Photographs & History

Photographs and History

Coatesville

View from the remaining canopy looking East toward Philadelphia at the Coatesville Train station, September 2010.

View from the remaining canopy looking East toward Philadelphia at the Coatesville Train station, September 2010.

Further West of the Junction of the Mainline and Philadelphia and Trenton Branch in Thorndale and East of the Junction of the Atglen and Susquehanna Branch, the Freight bypass to Enola Yard in Harrisburg, lays an Industrial town called Coatesville. Situated in the Brandywine Creek Valley, Coatesville, plays host to the former Lukens Steel Mill Complex, a "mini mill" facility that produces high quality plate and slab steel. While the mill is still active the town is very reminiscent of areas like Johnstown and Bethlehem, some neighborhoods in need of much attention. The station house, located at Third and Fleetwood Streets, is currently shuttered and vacant. The historic structure dates back from 1865, according to the City and has served a long career for the PRR and its predecessors. Currently, one or two sections of the Eastbound canopy still stand, and the Westbound Platform has a lone and battered bus shelter for passengers. While not all buildings have the opportunity to be saved or restored, this Station would certainly be a great candidate and much needed anchor for the surrounding neighborhood.

Downingtown

The Downingtown Station area as it appears today is one of the Stops of both the SEPTA regional Thorndale trains and Amtrak Keystone Service.

The Downingtown Station area as it appears today is one of the Stops of both the SEPTA regional Thorndale trains and Amtrak Keystone Service.

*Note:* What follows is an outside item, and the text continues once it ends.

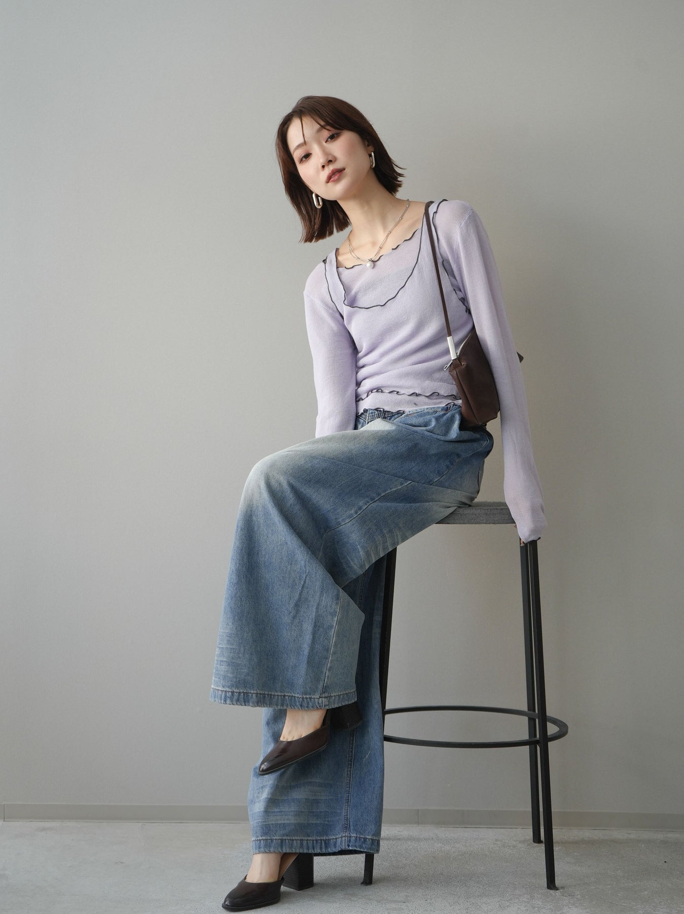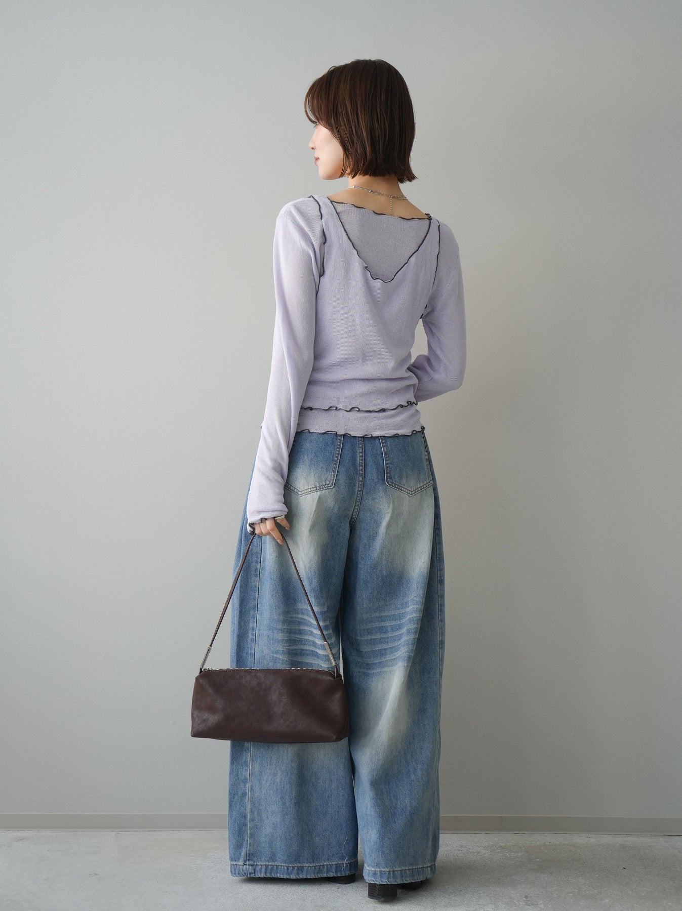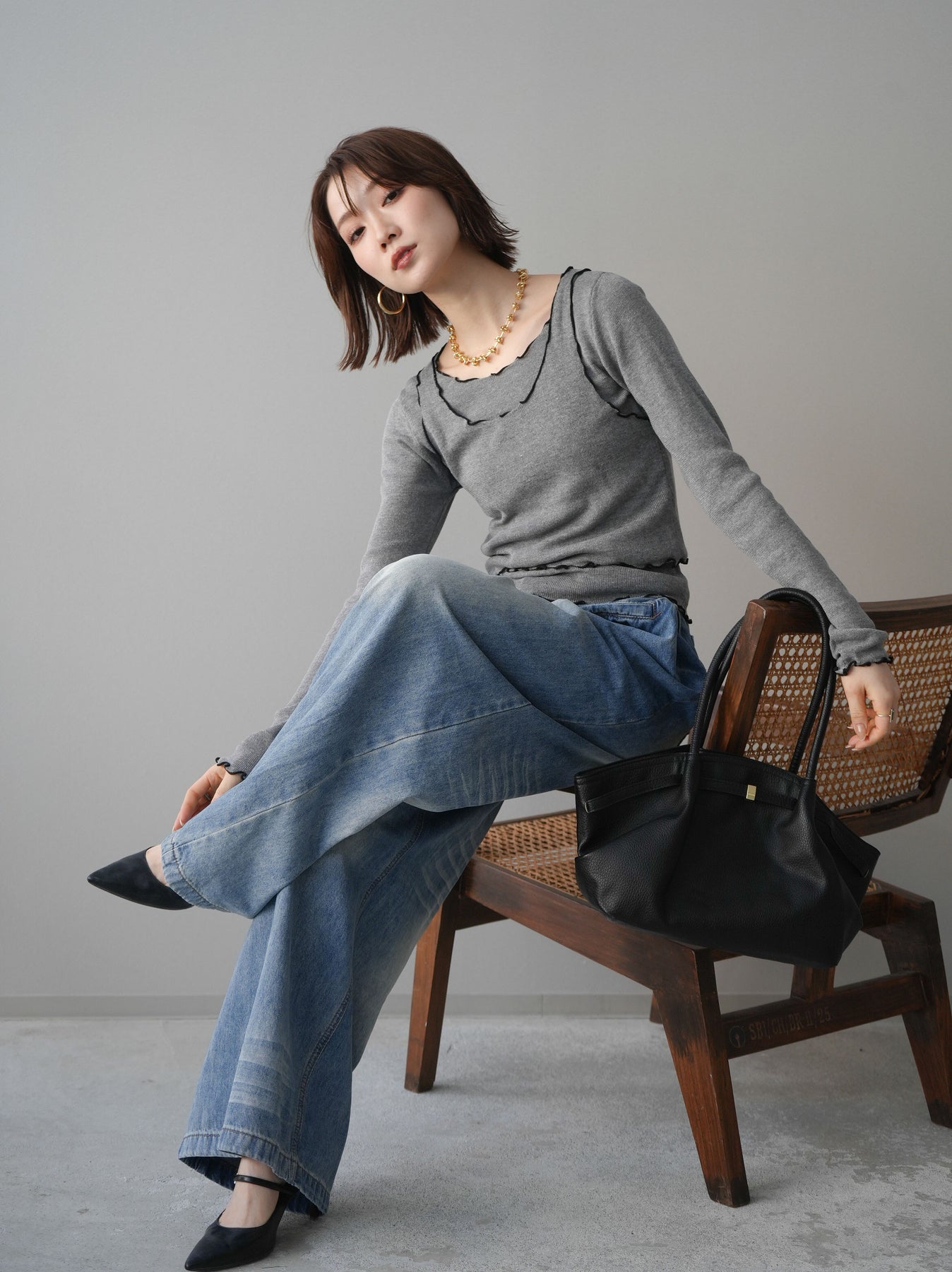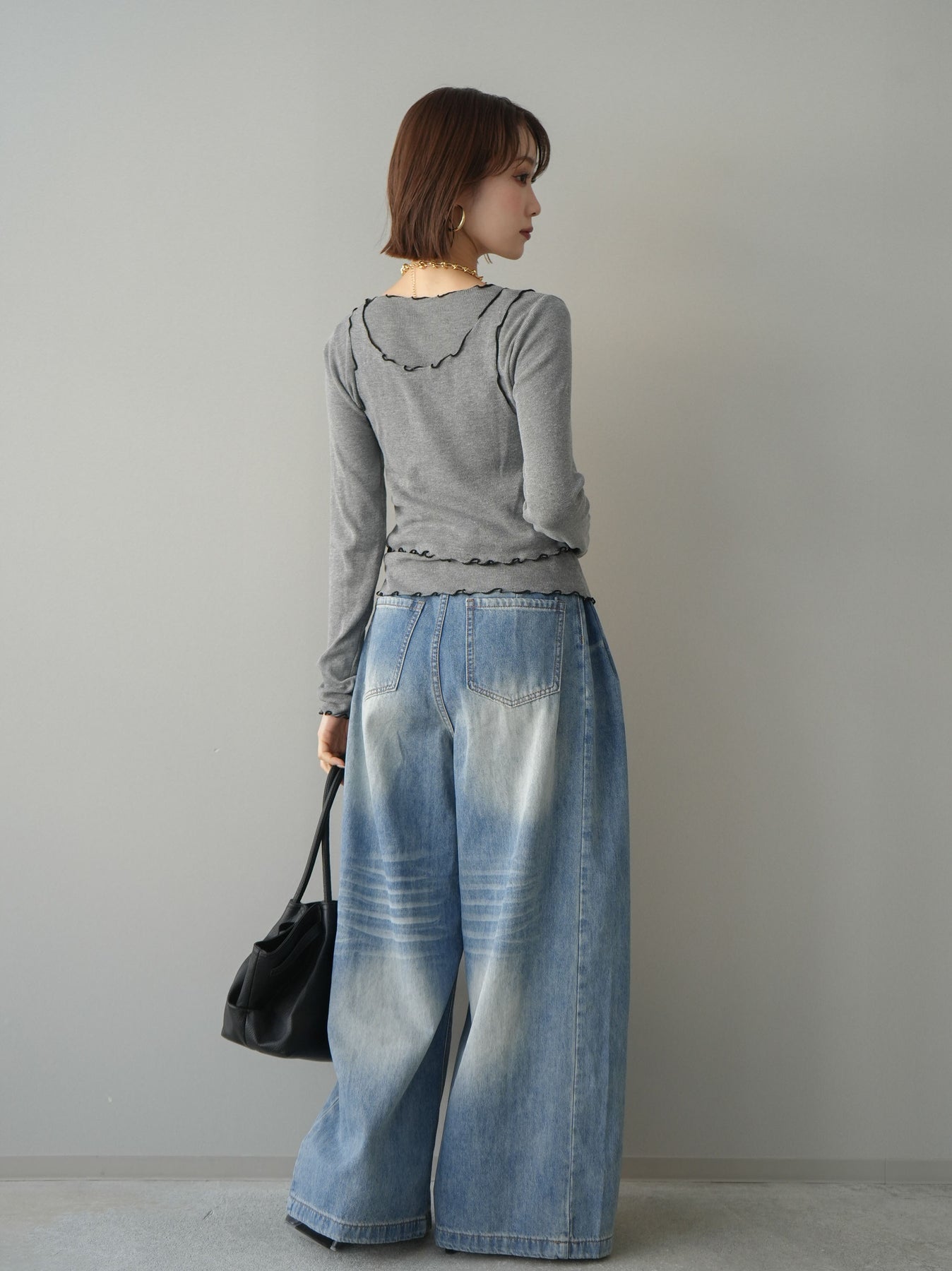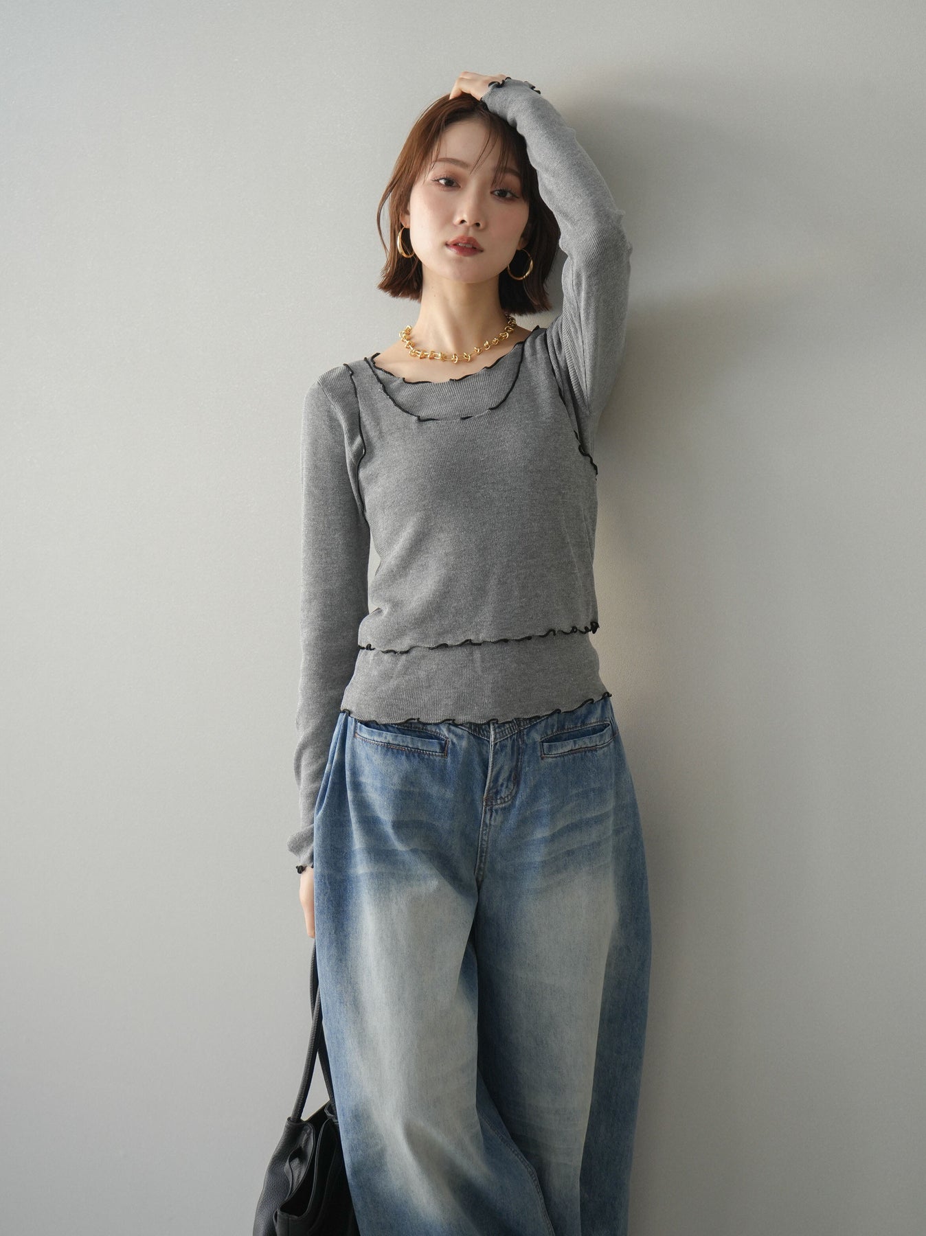 [SET]バイカラーメローアンサンブルシアーニットトップス+フロントポケットサイドタックワイドデニム(2set)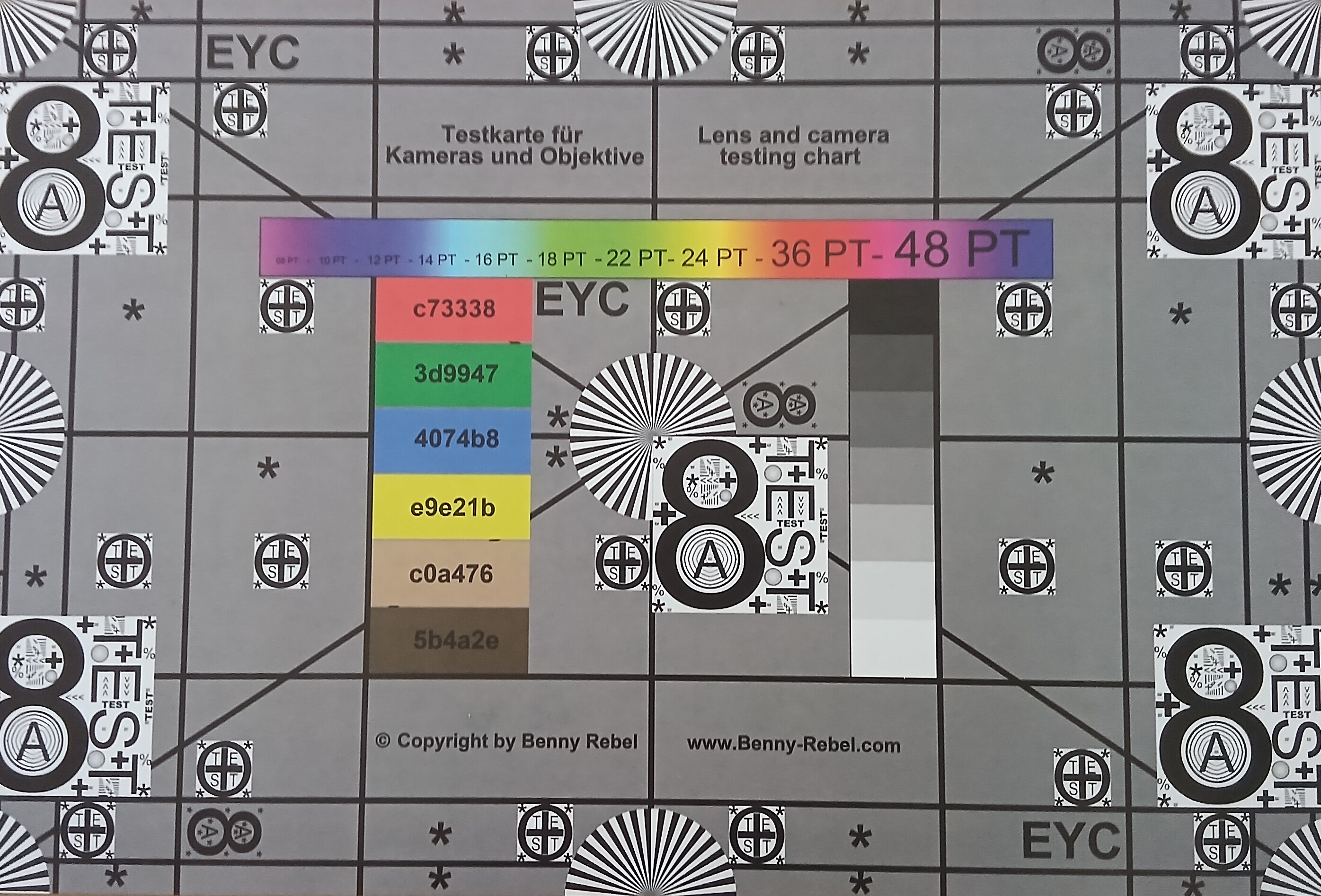 Test laboratuvarımızda, kontrollü aydınlatma koşulları altında ana kameraya bir kez daha yakından baktık. Optimum aydınlatma ile renkleri oldukça doğru bir şekilde yakalamayı başardı (maksimum Delta-E 9,86) ve test tablosunu tamamen yeniden üretti, ancak her alanda keskin bir şekilde değil. 1 lüks artık ışıkta, test tablosu ve ColorChecker renk tablosu yalnızca soluk bir şekilde görülebiliyordu.

Having both the PRR Mainline and the Philadelphia and Trenton Branch also known as the Trenton Cut-off approaching the junction of Thorndale, Downingtown had significance for the PRR. The Interlocking "Down" was the Eastern end of of three interlockings including the Junction with the New Holland Branch and Chester Valley Yard. Further West at "Thorn" block and interlocking station, the junction of the Mainline and P&T Branch and "Caln" the Western Limits of the small yard facility, a one time Coaling Station and Junction of the P&T. The Downingtown area provided many car loadings with textile mills, manufacturing as and quarry activity in the area. The train station located along West Lancaster Ave is now a simple affair, the original being destroyed by fire in 1992. With few signs of it's former owner, the Station area still presents some references to the past when one looks across the tracks at businesses and historic buildings on the North Side of Lancaster Ave, some dating back to the early  1900's.